Monday, November 20, 2006

Women and the Ministry: A Document (II)

Those of you who read the first post in this series may have asked yourselves why it is not rather entitled Women and the Priesthood. The answer is quite simple -- the priesthood is only one narrowly focused form of ministry. It is so firstly within the context of Holy Orders, which also includes the diaconate and the episcopate, and secondly in the broader ministry of the laos, or the people of God.

The priesthood can only be properly understood in the context of the ministry of all believers, and that within the paradigm of the Church as the mystical body of Christ, who is its head, and its many parts, or members: the faithful.

The second document we will publish in this series is Mulieris Dignitatem, an Apostolic Letter issued by Pope John Paul II on August 15, 1988.In it, the pope speaks of the full measure of what women can and must be doing in the life of the Church.

The letter begins:

THE DIGNITY AND THE VOCATION OF WOMEN - a subject of constant human and Christian reflection - have gained exceptional prominence in recent years.

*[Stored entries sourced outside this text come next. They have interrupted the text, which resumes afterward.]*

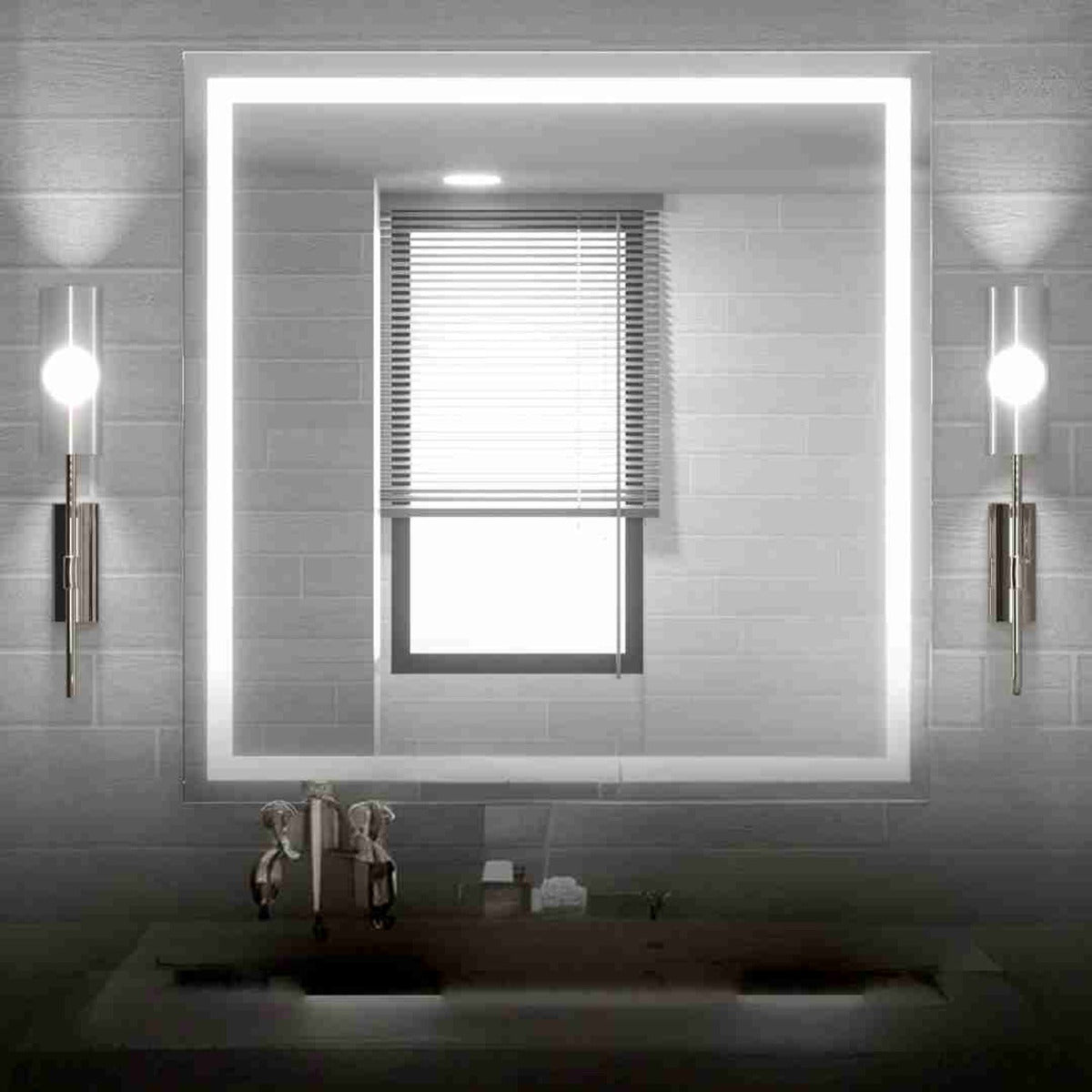 Espelho Quadrado com LED Jateado 70x70 cm Lapidado com Touch-Screen Premium. Led a escolher nas Cores: Branco Frio ou Branco Quente ou Branco Neutro.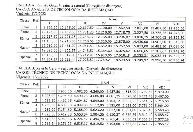 Para fins de progressão funcional, são constituídos 8 níveis e as classes são júnior, pleno, sênior, master e especial.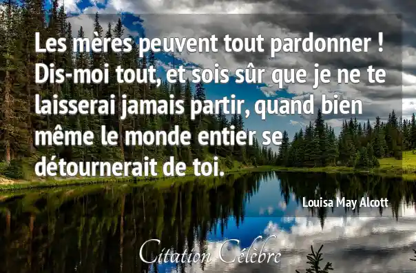 Les mères peuvent tout pardonner ! Dis-moi tout, et sois sûr que je ne te laisserai jamais partir, quand bien même le monde entier se détournerait de toi.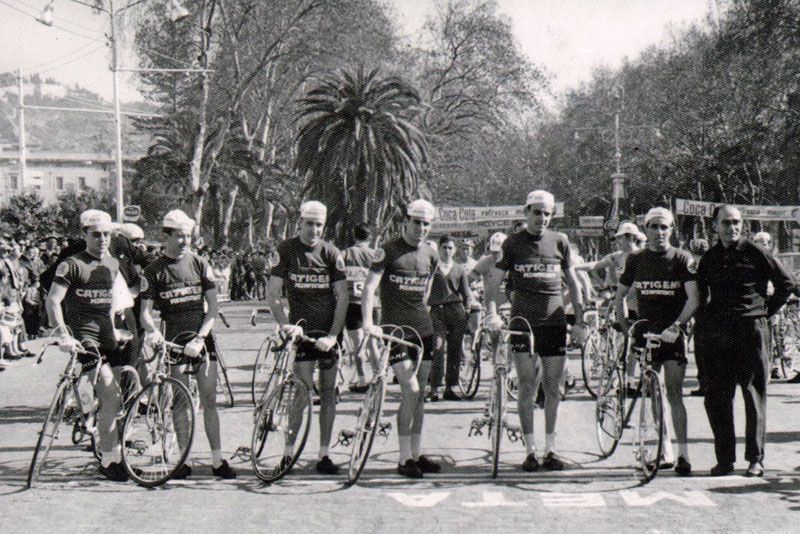 Hablamos de un ciclismo en blanco y negro, retransmitido a diario en la radio y en los periódicos. Hablamos de bicicletas de 6 y 8 velocidades, cuadros de acero robustos y llantas tambien de acero con cubiertas tubulares. Hablamos del pasado inspirados por lo vivido en el presente. Inspirados por un encuentro producido el día en que Adolfo entró por la puerta de nuestro taller: «Hola buenos días. He venido aquí porque un amigo me ha dicho que son amantes del ciclismo de antes y que saben apreciar las cosas. Resulta que tenía por casa unos cuantos botellines viejos y he pensado que les podrían gustar».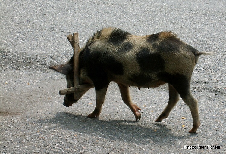 „Och, właśnie te swaneckie świnie! Podobne są do wszystkiego, tylko nie do świń. To dzikie świnie, spłaszczone z boków jak ryby. Czarne albo łaciate, chude, ze stojącą na karku szczeciną, przypominającą hieny ze świńskim ryjem o nogach antylopy. Wiele Staneckich świń zdobywa sobie pożywienie samodzielnie w lesie i wokół osiedli. Żeby zabić taką półzdziczałą świnię, trzeba na nią polować z nożem, a nieraz i strzelać”.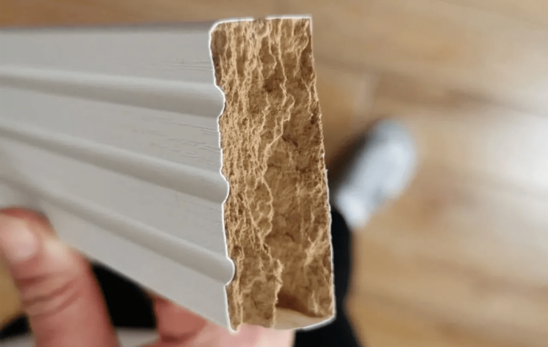 密度板的结构是把木材打成粉末,然后用胶水压制而成。有些劣质的密度板,甚至可以用回收的纸皮、旧地板打成粉末来制作。

This can be seen, for example, in the statements of the Church's Magisterium present in various documents of the Second Vatican Council, which declares in its Closing Message: "The hour is coming, in fact has come, when the vocation of women is being acknowledged in its fullness, the hour in which women acquire in the world an influence, an effect and a power never hitherto achieved. That is why, at his moment when the human race is undergoing so deep a transformation, women imbued with a spirit of the Gospel can do so much to aid humanity in not falling". This Message sums up what had already been expressed in the Council's teaching, specifically in the Pastoral Constitution Gaudium et Spes and in the Decree on the Apostolate of the Laity Apostolicam Actuositatem.

1 comment:

Anonymous said...

"the priesthood is only one narrowly focused form of ministry."

This is an important point. Ministry is something that all the faithful share in, and who would ever deny the important ministries maintained by nuns in Catholic schools, the inner city, &c.?

The fact remains that the Church does not have the authority to confer priestly ordination on women. Does that denigrate women? Not at all. The office of priest is indeed an exalted one, and one that must be fulfilled by a man. Yet the greatest of all saints, one who continues to minister to us all every day, is not a man at all. She is a woman, the paragon of virtue - a Virgin - conceived without sin.

By her intercessions, may we be brought to everlasting life.